May Day! Minneapolis, Minnesota

(Last Updated On: June 10, 2020)

For decades In the Heart of the Beast Puppet & Mask Theatre in Minneapolis put on an elaborate May Day parade – true street theater.

Somehow we’d never gotten around to seeing it until 2008.

Are we racing toward collapse?

It isn’t until I look at the website the morning of the parade that I really realize what a big deal this parade really is. (I’ve never heard of anyone story boarding a parade before.) From the website I learn that the parade is using the collapse of the bridge last summer as a place to begin mulling over the direction our consumerism and war mongering is leading us as a nation and world. Is it leading to depletion and collapse or are we creating bridges and structures that will lead us to a sustainable and harmonious future?

Wow! A parade with infrastructure as its unifying theme. Is this a great city or what?!

At the 2008 May Day parade

We end up waiting quite awhile for the parade to actually start. (We lefty liberals aren’t really known for our punctuality, so this isn’t really a surprise.), The people watching is great though, so the wait doesn’t seem too endless.

parade participants

The bike contingents lead the way, so when they arrive in full-force I know the rest of the show can’t be far behind.

parade participants

Sure enough, I soon see a giant critter grabbing wildly at a large, swinging carrot.

parade participants

parade participants

parade participants

Ah, yes, rampant consumerism has arrived.

This is accompanied by collapsed infrastructure, the machinery of war, and a rather exuberant automobile-powered rat race that clearly isn’t leading to anything good.

The storyboards simply call all of this Racing Towards Collapse.

Then the over-sized mourners arrive, grieving over the shrouded tree of life.

parade participants

But they are quickly followed by A Change of Heart as people from around the world come together with hope for the future.

parade participants

(And lots of Aztec dancers. You can’t celebrate anything in Minneapolis without a dozen or more wonderful Aztec dancers.)

And they are followed by what appears to be the clean-up crew.

parade participants

This leads to Now, when the streets are alive with creative solutions to the problems of the past.

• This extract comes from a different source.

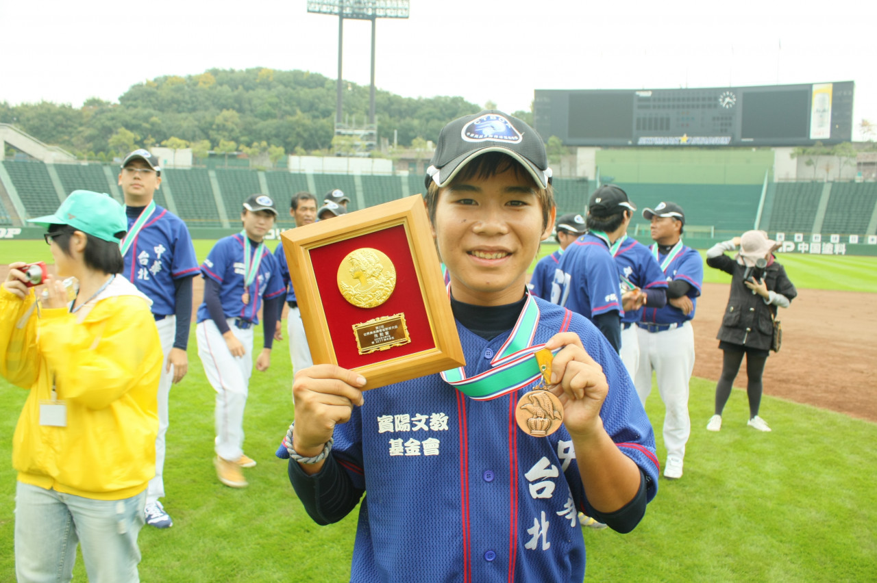 ▲ 潘瑋杰(中)參加世界身障棒球賽,榮獲第二屆打擊獎。(照片提供:潘瑋杰)

I’m in need of a few creative solutions of my own, as I was stupid and forgot to bring an extra card for my camera.

Appropriately, I run out of digital space right as the Think Ahead portion of the parade comes by!

parade participants

parade participants

The parade continues on, with brilliantly colored horses and other critters helping push the world toward a better, more humane and more sustainable future and bringing us to the interconnected world of We Are.

It’s quite a show and I look forward to future parades. . . maybe I’ll even remember to bring an extra digital card so I can actually photograph the arrival of whatever perfect new world this creative group conjures up next year!

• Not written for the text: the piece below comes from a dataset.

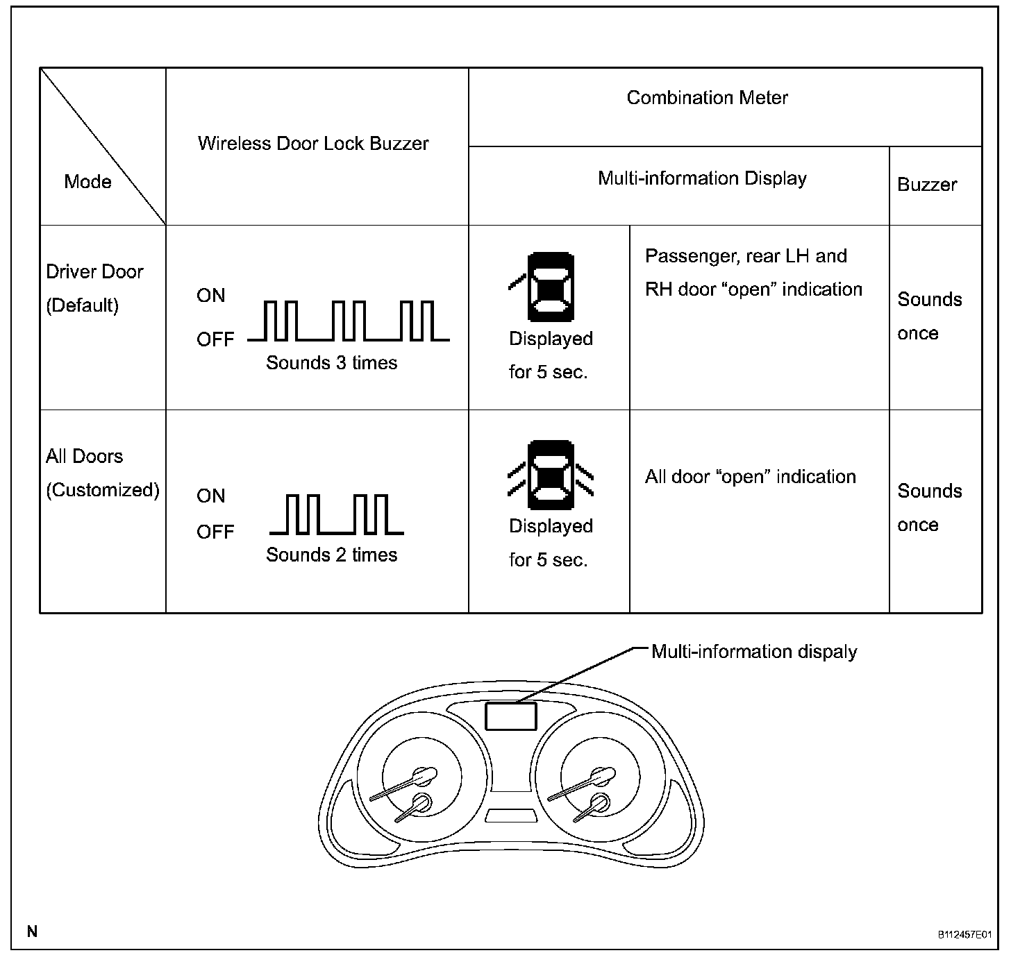 Driver door unlock default setting When the switches are pressed and held for 5 seconds, the entry door unlock mode changes in the order.driver door mode, one door mode, doors on one side mode, all door mode.

Looking back ten years later

There used to be a site online (not at Heart of the Beast’s site) that included the story board for the 2008 parade. At the time, the parade was a question: were we simply Racing Toward Collapse, or will we turn things around and make the changes needed for a healthy, happy, safe, and sustainable future for all?

That website — and the storyboards — appear to be gone.

All that remains today are a few dedication paragraphs on the Heart of the Beast website with the title A New Bridge: Infrastructure for the Future Beings.

At the time of the 2008 parade, it had been less than a year since the collapse of the I-35 highway bridge in Minneapolis. It would still be almost six months before the new bridge opened to great fanfare. The pain was still raw. So was the awareness that our civic infrastructure was collapsing around us both literally and figuratively.

While the May Day parade always embraces hope for the future, it’s never been afraid to take a serious look at reality either. In May 2008 a lot of us were wondering if the bridge collapse was sign of what’s to come or a wake-up call that would lead to a new future. The parade was not a celebration of the shiny future that awaited us, but an expression of sorrow, fear, and hope for a better tomorrow. Lots of hope.

Maybe the title for the parade was A New Bridge. But my memory of the day and the storyboards is of a much more complicated and far less optimistic view of where we were as a society.

And of course, ten years later, it seems as if we are Racing to Collapse even faster.

As Heart of the Beast always reminds us, we can change the future. But we have to act.